Pictures are to be left out, and only the lines below starting at the one with "K&N Performance Air" and ending at the one with "The black rhinos, Diceros" are to be reproduced, each exactly, both ends included.

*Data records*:
-- Opening Marker --

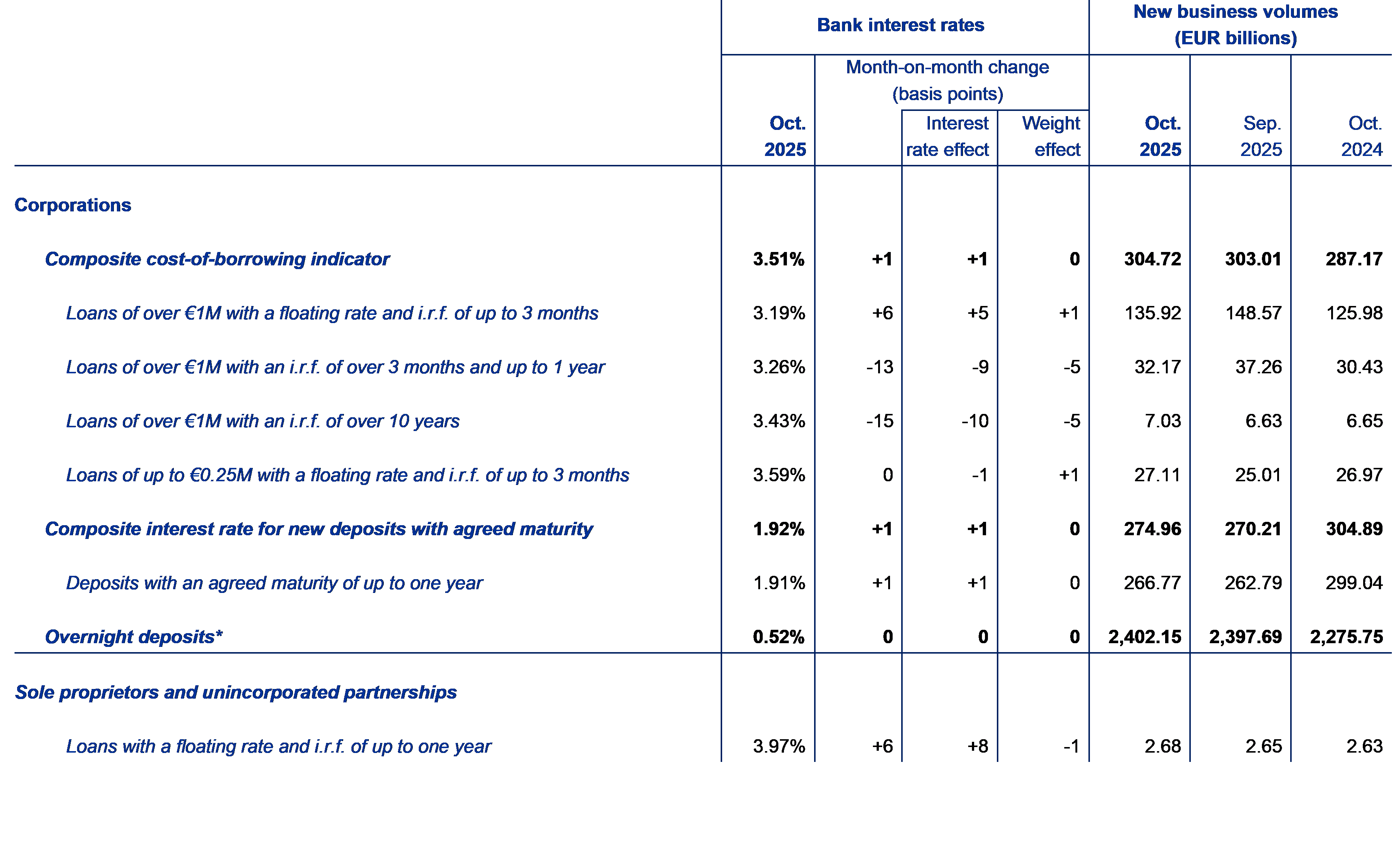- In addition to monthly euro area bank interest rate statistics for October 2025, this press release incorporates revisions to data for previous periods. Hyperlinks in the main body of the press release lead to data that may change with subsequent releases as a result of revisions. Unless otherwise indicated, these euro area statistics cover the EU Member States that had adopted the euro at the time to which the data relate.
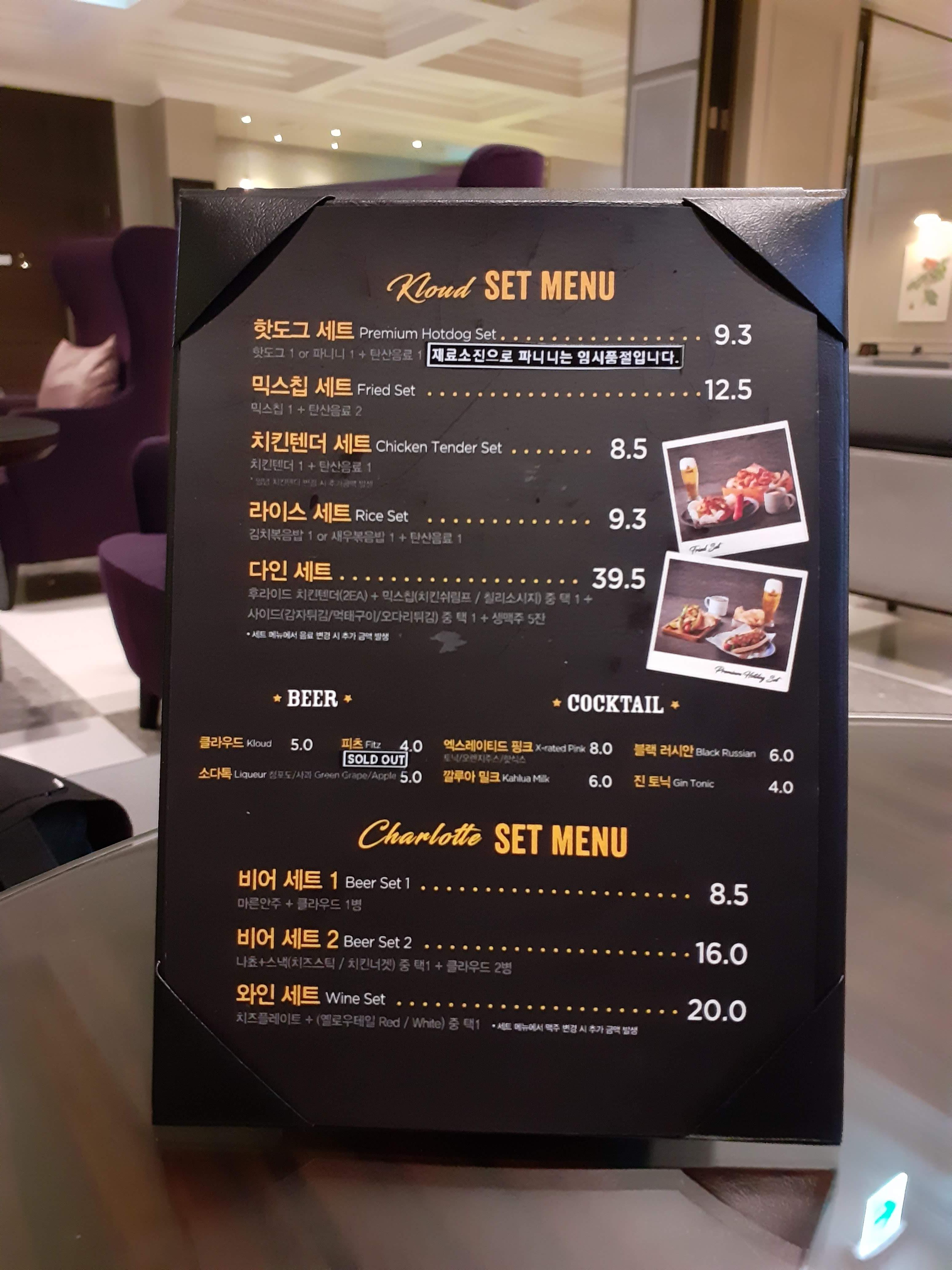 주문한 메뉴가 나오길 기다리며 뒷면을 보니 세트 메뉴도 준비되어 있었습니다. 클라우드 세트는 앞서 보았던 메뉴 + 탄산음료/맥주 구성이 가능하며 샤롯데 세트는 맥주 또는 와인과 함께 즐기는 안주를 주문할 수 있습니다.
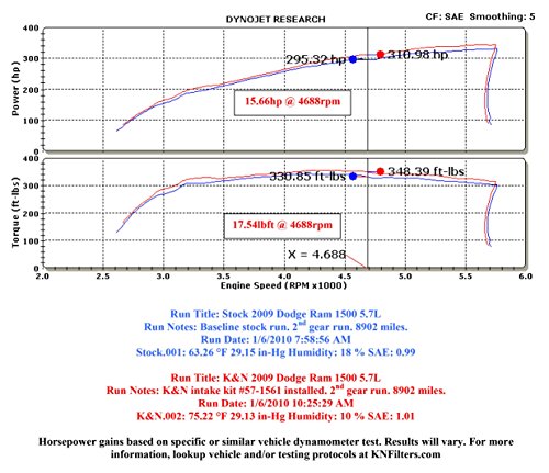K&N Performance Air Intake Kit 63-1561 with Lifetime Red Oiled Filter for 2009 Dodge Ram Pickup Truck 1500 2500 5.7L V8
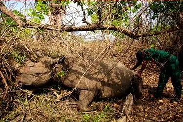 The black rhinos, Diceros bicornis, were reintroduced from South Africa’s Kruger National Park through the Care for the Rare wildlife species program, initially supported by J&B Whisky and several business magnates.
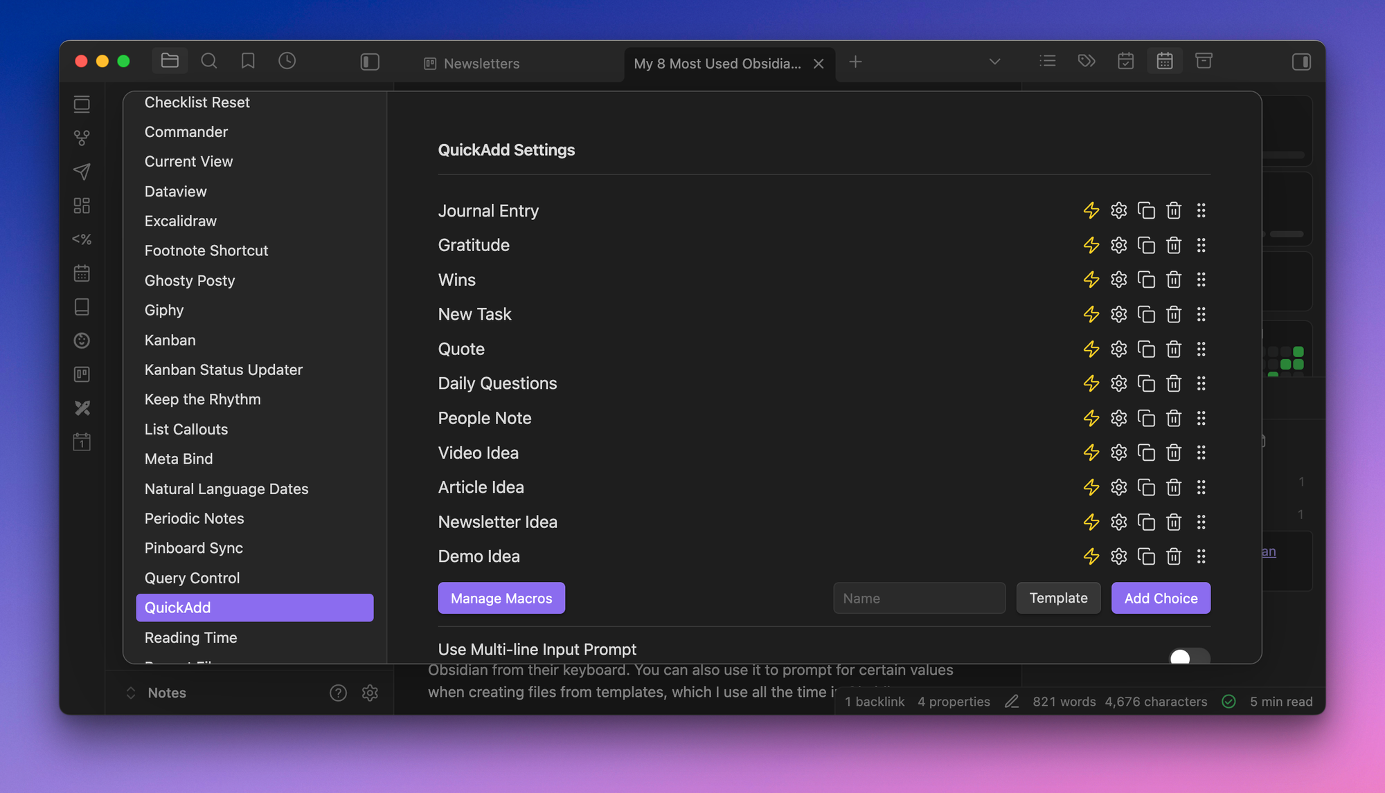 This plugin lets you create custom macros for automating things in Obsidian. It may not look like much at first, but once you start figuring out how to tie things together, this plugin quickly becomes essential for those who want to control Obsidian from their keyboard. You can even use this to prompt for certain values when creating files from templates.
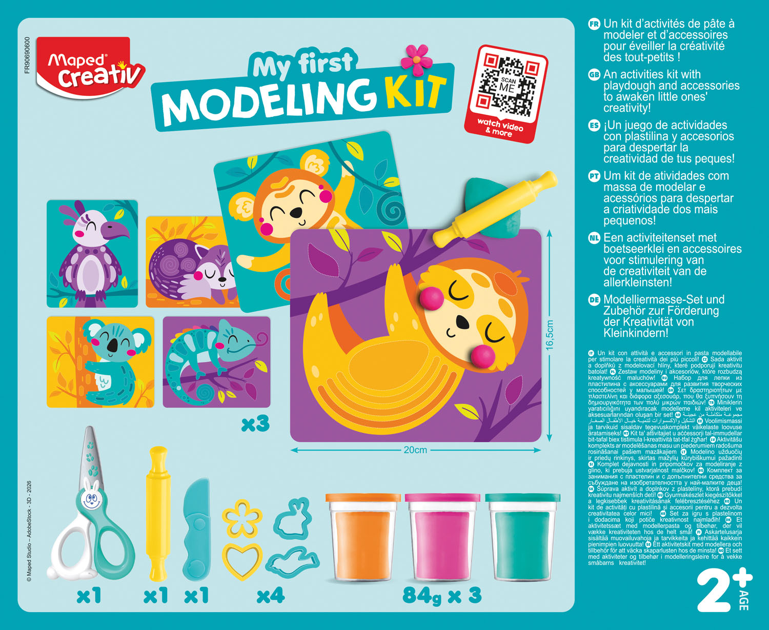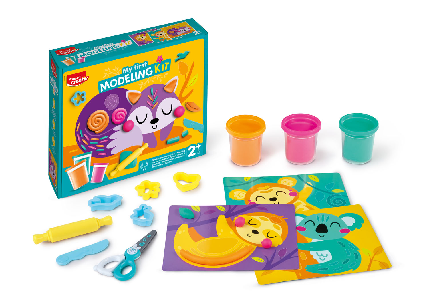 Perfect for toddlers, this 13 piece kit will allow your child to explore the world of dough with a activity specifically designed for children ages 2+! Vibrant dough lets children develop their dexterity and imagination, giving the child free rein to decorate the animals on the included character cards however they’d like. To help children manipulate the bright & fun dough the kit includes a plastic knife, shape cutters, roller and Maped KidiCut Safety Scissors which will not cut hair, skin or fabric. Once the activity is over, the items are easily stored in included recyclable box/ Kit includes: 3 3oz Dough pots, 3 double-sided character cards, plastic knife, shape cutters, roller and KidiCut Safety Scissors.
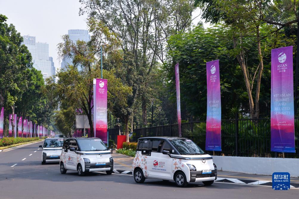 這是9月6日在印度尼西亞雅加達第43屆東盟峰會會場外拍攝的五菱新能源車Air ev。新華社記者 徐欽 攝
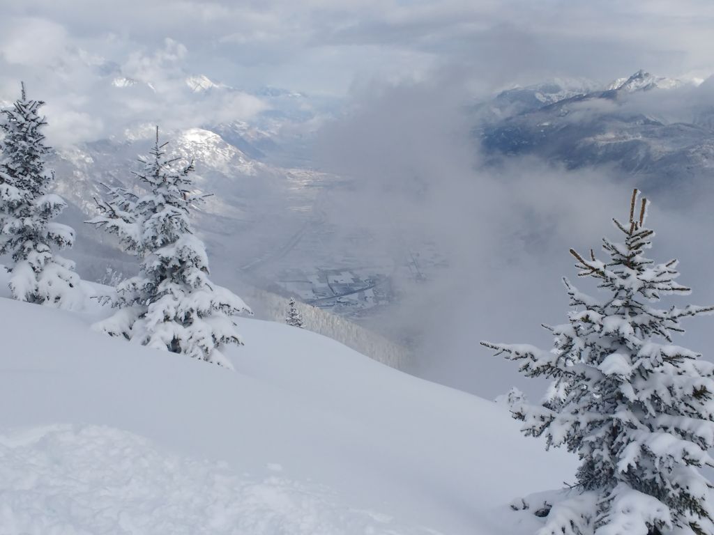 Few ski tours are safe enough to do when the avalanche risk is a high four out of five. Mont de l’Arpille is one of those that can be a possibility. The mountain rises to a height of 2085 metres, which is quite modest in the region. It is just to the north of the Col de Forclaz, which separates Martigny in Switzerland from Chamonix in France. From the summit, there is a panoramic view from the peaks of Mont Blanc and the Chamonix Aiguilles to Verbier, Martigny and the Rhone Valley.
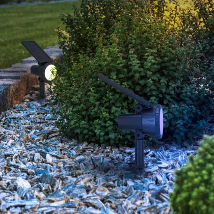 Die Solarleuchte kommt mit der Farbtemperatur 3000K - Warmweiß + RGB daher. Als Faustregel gilt: Je niedriger der Kelvinwert, desto gemütlicher wirkt das Licht.
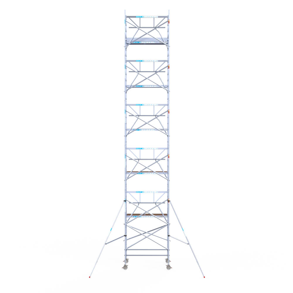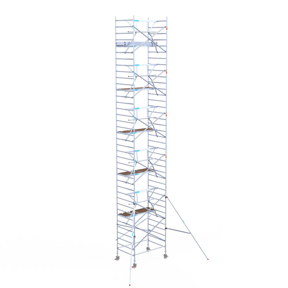Let wel; Door de vernieuwde EN 1004 norm en het A-blad rolsteigers voldoen de Euroscaffold Euro met enkel schoren zonder voorloopleuning niet meer aan de regelgeving voor zakelijk gebruik. De Euro uitvoering met voorloopleuningen voldoen hier wel aan. Voor particulier gebruik is de uitvoering met schoren wel voldoende.
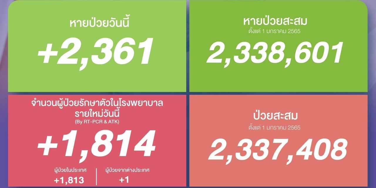 หายป่วยสะสม 2,338,601 ราย (ตั้งแต่ 1 มกราคม 2565)
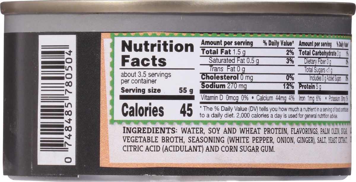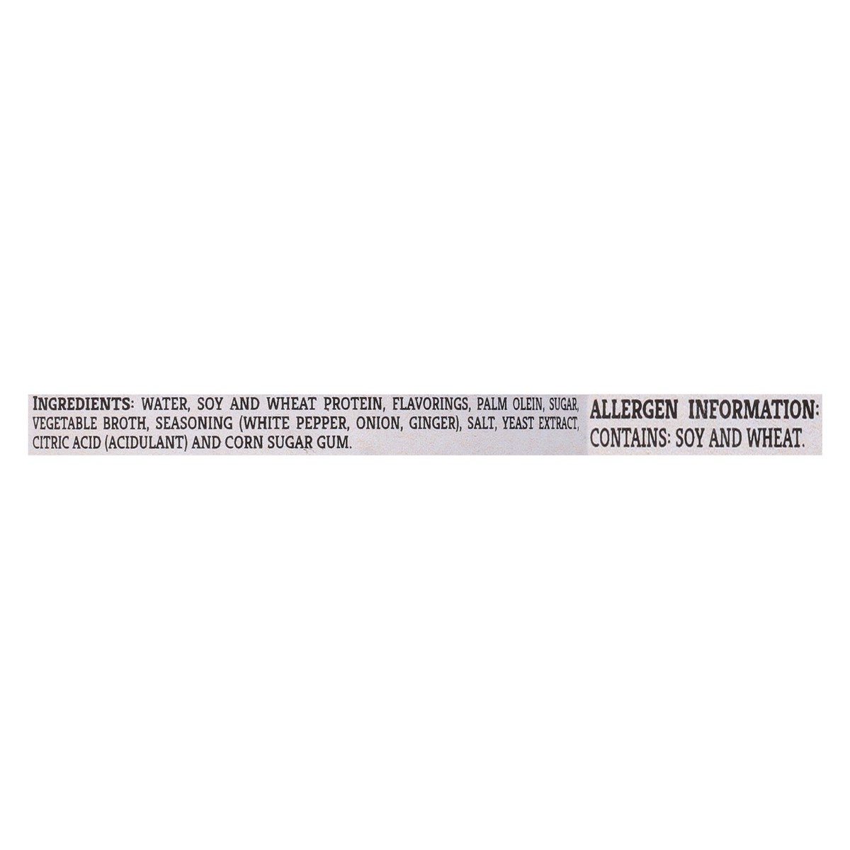 Water, Soy and Wheat Protein, Flavorings, Palm Olein, Sugar, Vegetable Broth, Seasoning (White Pepper, Onion, Ginger), Salt, Yeast Extract, Citric Acid (Acidulant) and Corn Sugar Gum.

-- Closing Marker --

*Response area*:
K&N Performance Air Intake Kit 63-1561 with Lifetime Red Oiled Filter for 2009 Dodge Ram Pickup Truck 1500 2500 5.7L V8
 The black rhinos, Diceros bicornis, were reintroduced from South Africa’s Kruger National Park through the Care for the Rare wildlife species program, initially supported by J&B Whisky and several business magnates.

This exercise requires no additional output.